Perhaps we are on the right track when we think of the cross to which Jesus referred as the Hebrew letter Tau, which at that time was in the shape of a lower case "t" which looks like a cross. It is the last letter in the Hebrew alphabet and represented the fulfillment of the entire revealed Word of God. The prophet Ezekiel uses the imagery of the Tau to commend Israel to remain faithful to God til the last, to be "sealed" with the mark of the tau on their foreheads as God's chosen people until the end of their lives. Remembering that this was a Jewish community of faith, not Christian at this point… I believe that Jesus was reminding his disciples that they were to be faithful, remembering the tau on their foreheads… remembering who they were and to whom they belonged and then to follow Jesus because he was faithful to that God and would not lead them astray, but take them deep into faithfulness in ways they could never dream.

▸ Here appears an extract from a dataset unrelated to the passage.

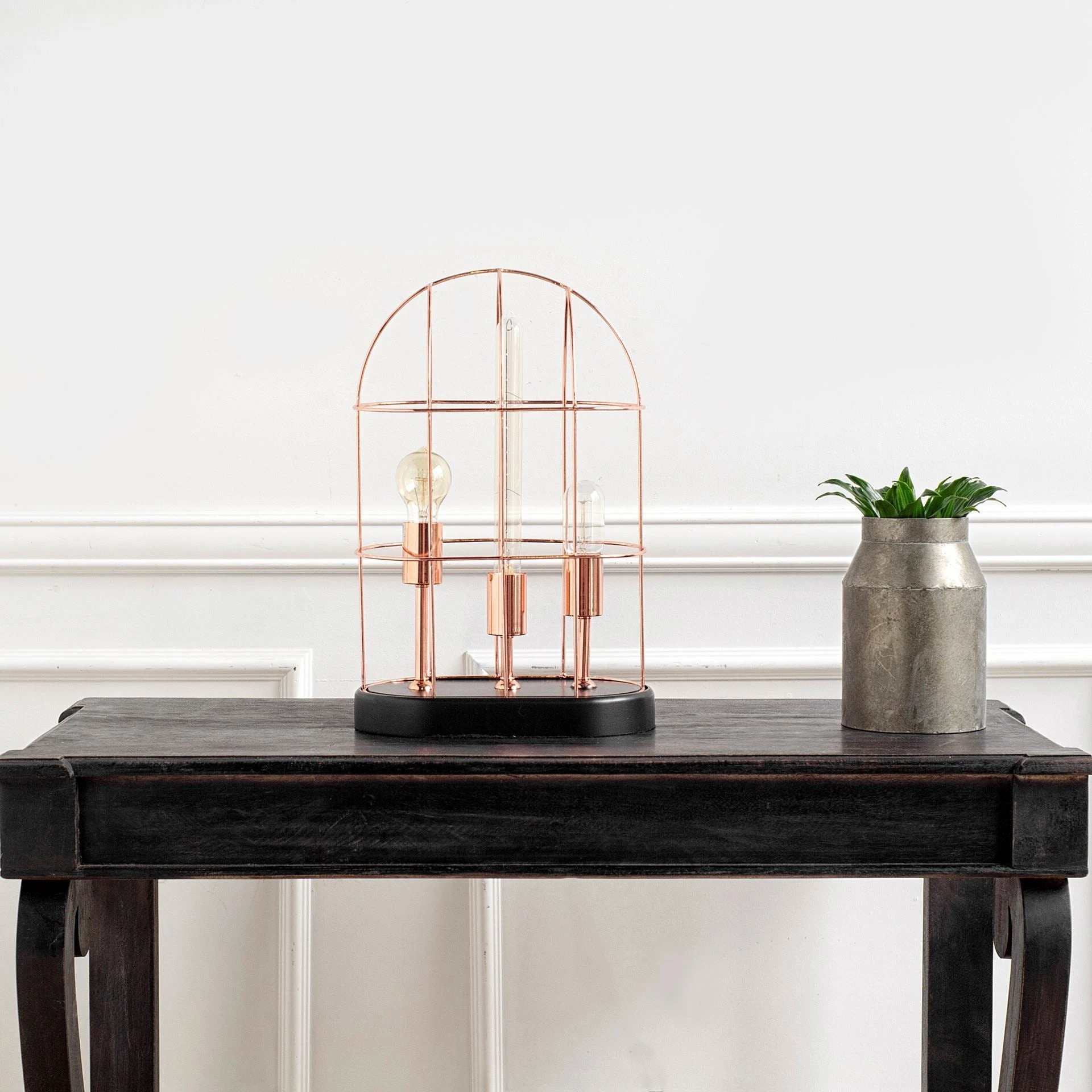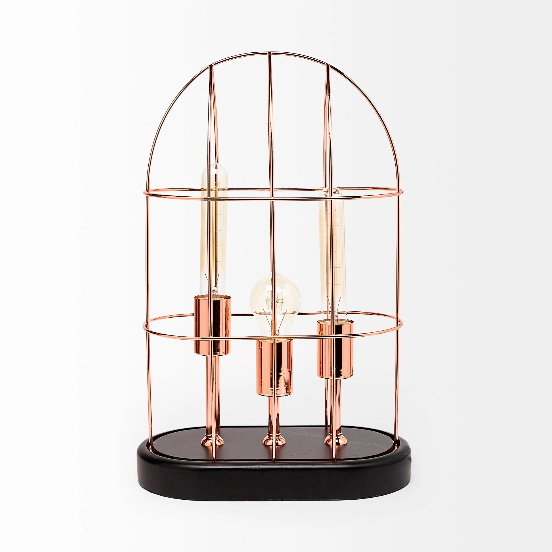 Featuring a rose gold polished cage rested upon a black base, the Sutton is a spectacular lamp that boasts of a dazzling design.Β - Beautiful Illumination

I think that is the cross Jesus asks them to take up, a cross that keeps their focus on God's reign, God's priority, God's inclusive love. This priority Jim Wallis says "commands us to see not only the splinter in our adversary's eye, but also the beam in our own. The distinction between good and evil does not run between one nation and another, or one group and another. It runs straight through every human heart."

We each have these two aspects of Peter within us…the one that declares "You are the Messiah" and the one that says "Don't do what you have to do because if you do, then I might have to leave the safety of my existence…to leave the familiar…and strike out on a journey, the destination of which I do not know the ending."

But if we dare to follow Christ on that path, let us remember the words of Thomas Merton: "Most Holy God, I have no idea where I am going. I do not see the road ahead of me. I cannot know for certain where it will end. Nor do I really know myself, and the fact that I think I am following your will does not mean that I am actually doing so. But I believe that the desire to please you does in fact please you. And I hope I have that desire in all I am doing. I hope that I will never do anything apart from that desire. And I know that if I do, this will lead me by the right road though I may know nothing about it. Therefore, I will trust you always though I may seem to be lost and in the shadow of death. I will not fear, for you are ever with me, and you will never leave me to face my perils alone." Amen.